→ **Exercise**
Repeat the listing that follows character for character, omitting images.

→ **The data**
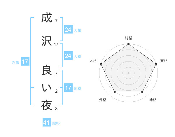 成沢 良い夜さんの外格は17画の4点!
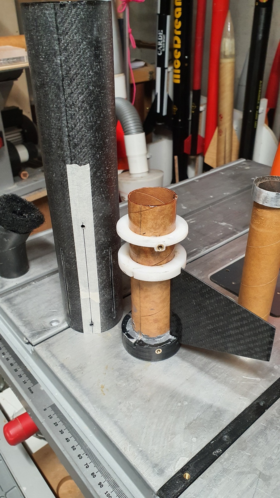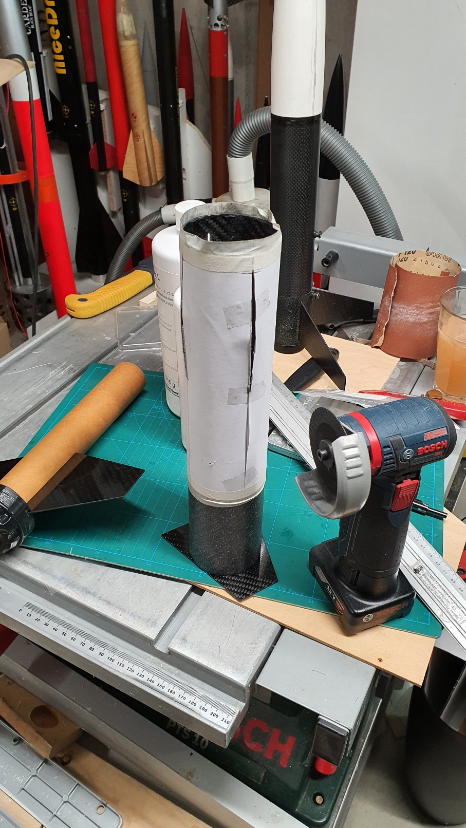 Die Flossen habe ich klassisch auf einem Papierbogen aufgeteilt und mit meiner mini Flex eingesägt
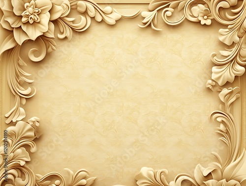 floral, frame, design, elegant, background, art, carving, ornate, relief, sculpture, three-dimensional, rendering, texture, pattern, swirl, leaf, flower, beige, cream, gold, pastel, luxurious, decorative, antique, vintage, baroque, rococo, classic, style, motif, detail, craftsmanship, artistry, sophisticated, intricate, border, accent, element, decoration, illustration, graphic
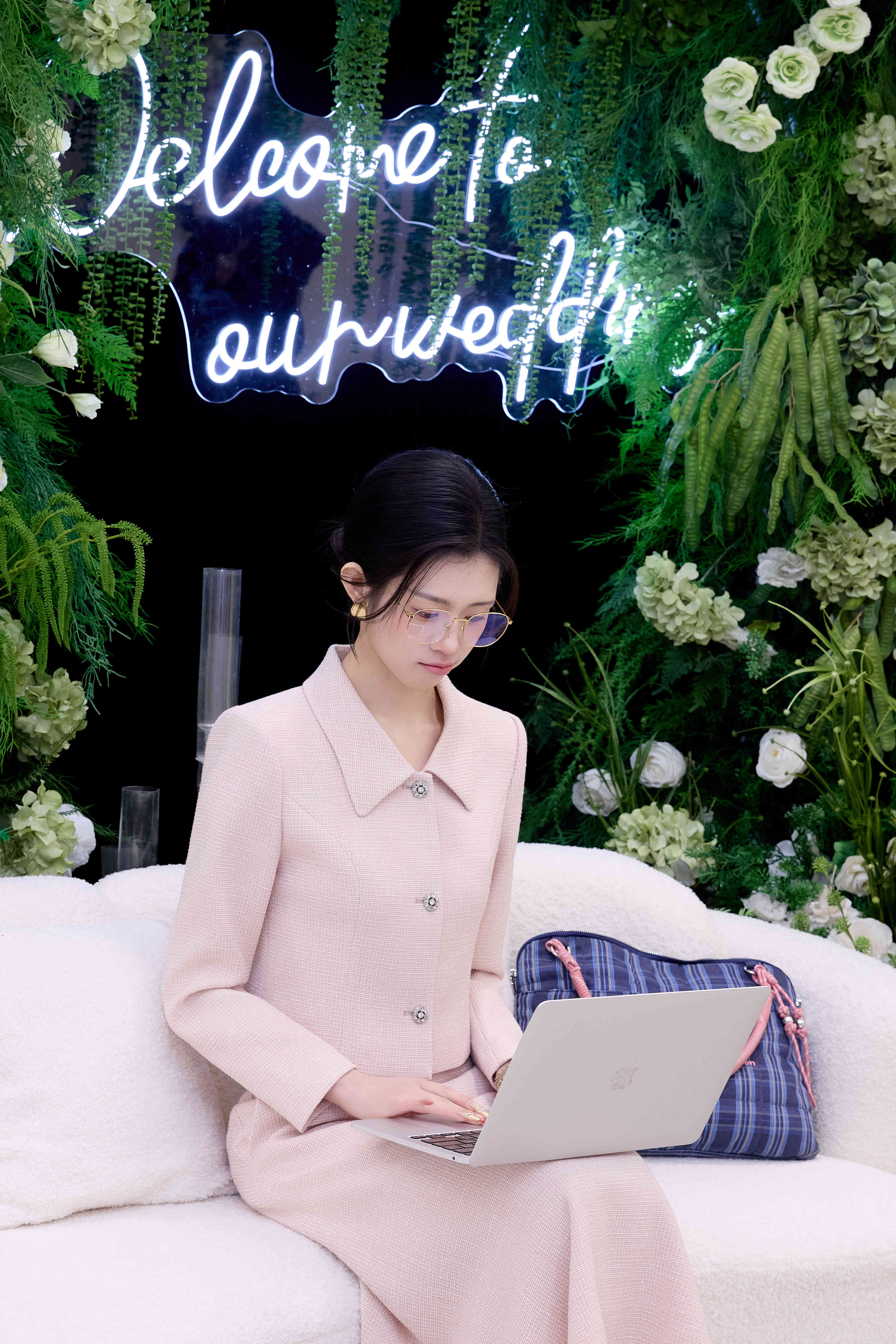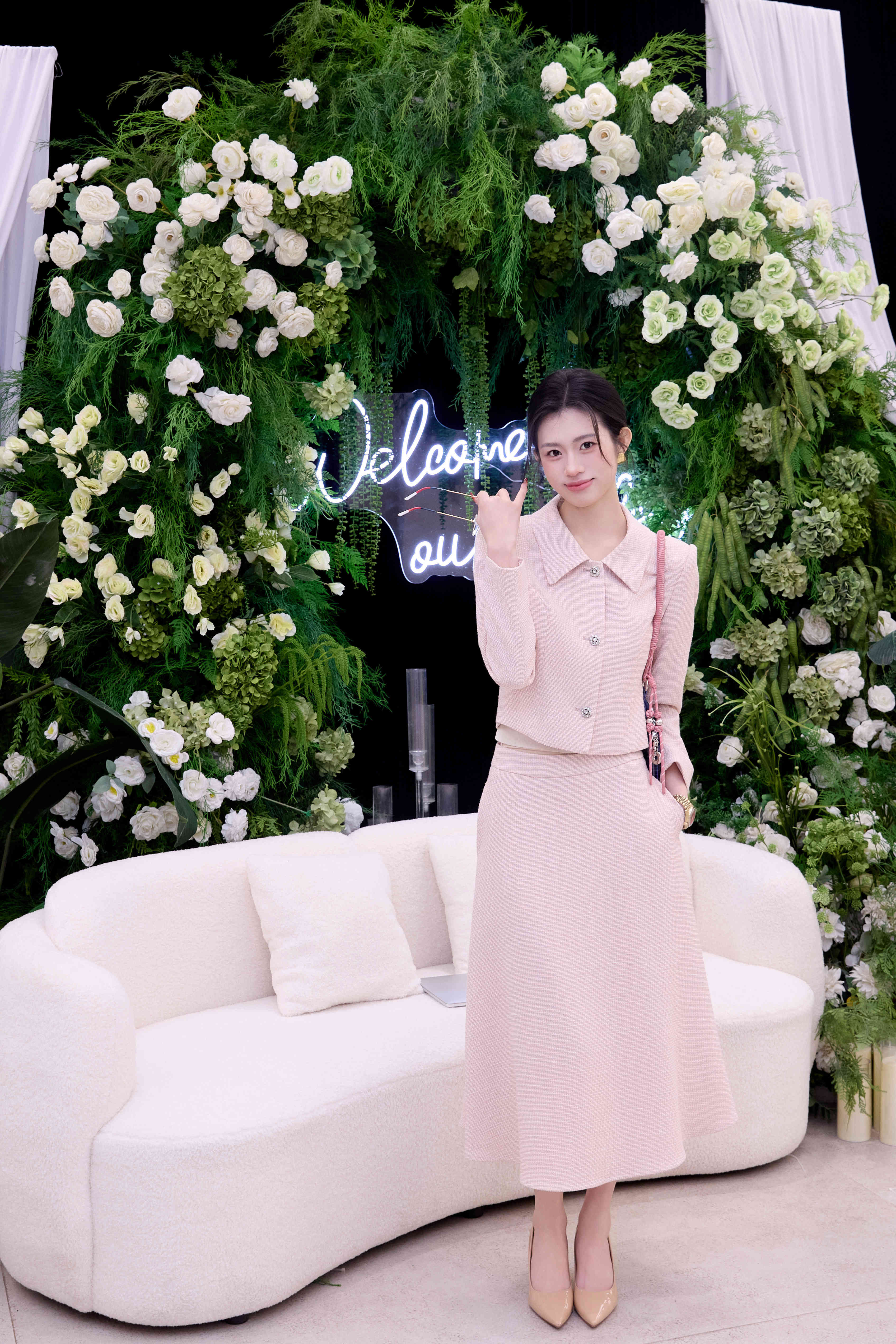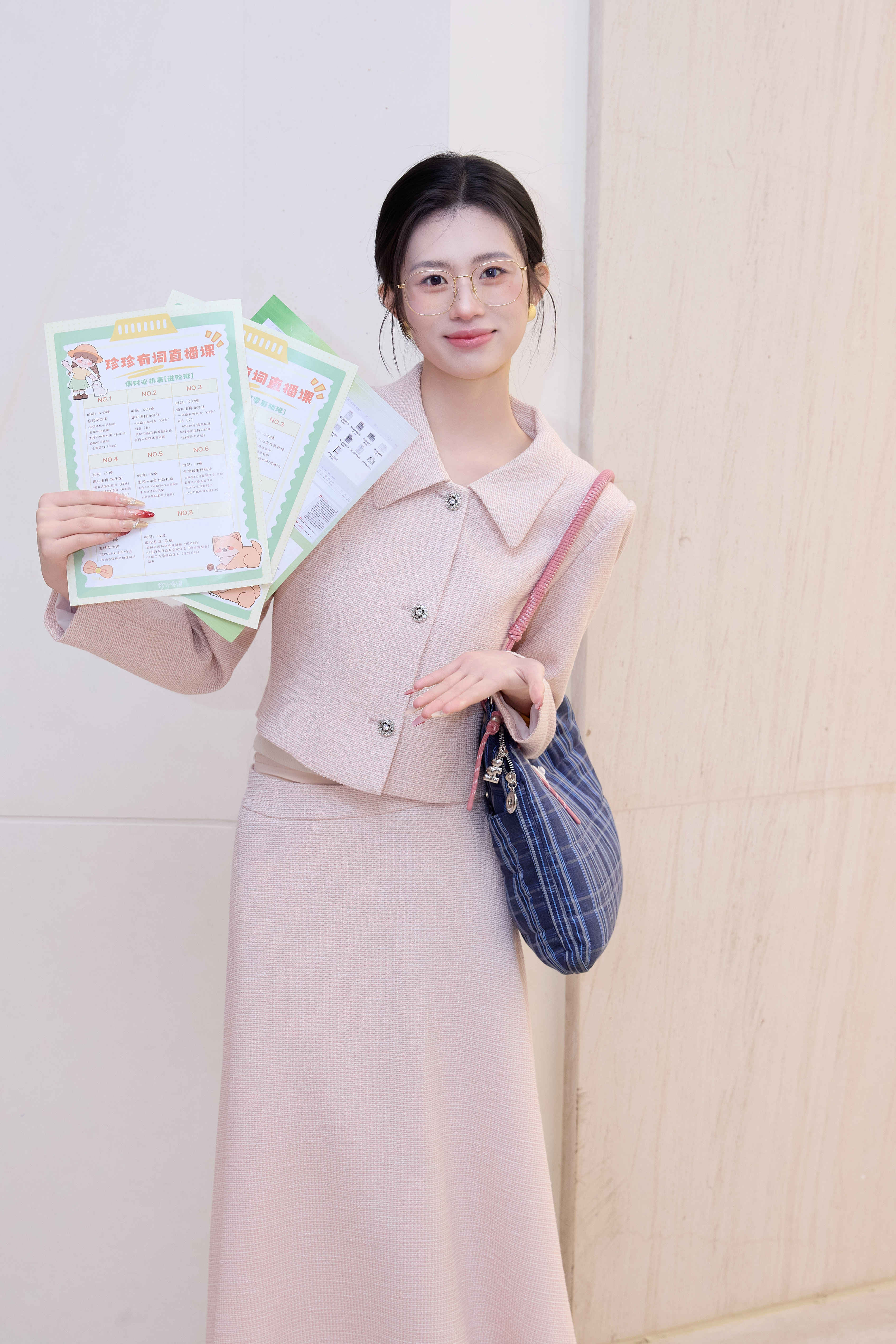 法小曼*子珍专款/粉色主持人西装三件套气质职场主持穿搭

→ **Expected answer**
 成沢 良い夜さんの外格は17画の4点!
 Die Flossen habe ich klassisch auf einem Papierbogen aufgeteilt und mit meiner mini Flex eingesägt
 floral, frame, design, elegant, background, art, carving, ornate, relief, sculpture, three-dimensional, rendering, texture, pattern, swirl, leaf, flower, beige, cream, gold, pastel, luxurious, decorative, antique, vintage, baroque, rococo, classic, style, motif, detail, craftsmanship, artistry, sophisticated, intricate, border, accent, element, decoration, illustration, graphic
 法小曼*子珍专款/粉色主持人西装三件套气质职场主持穿搭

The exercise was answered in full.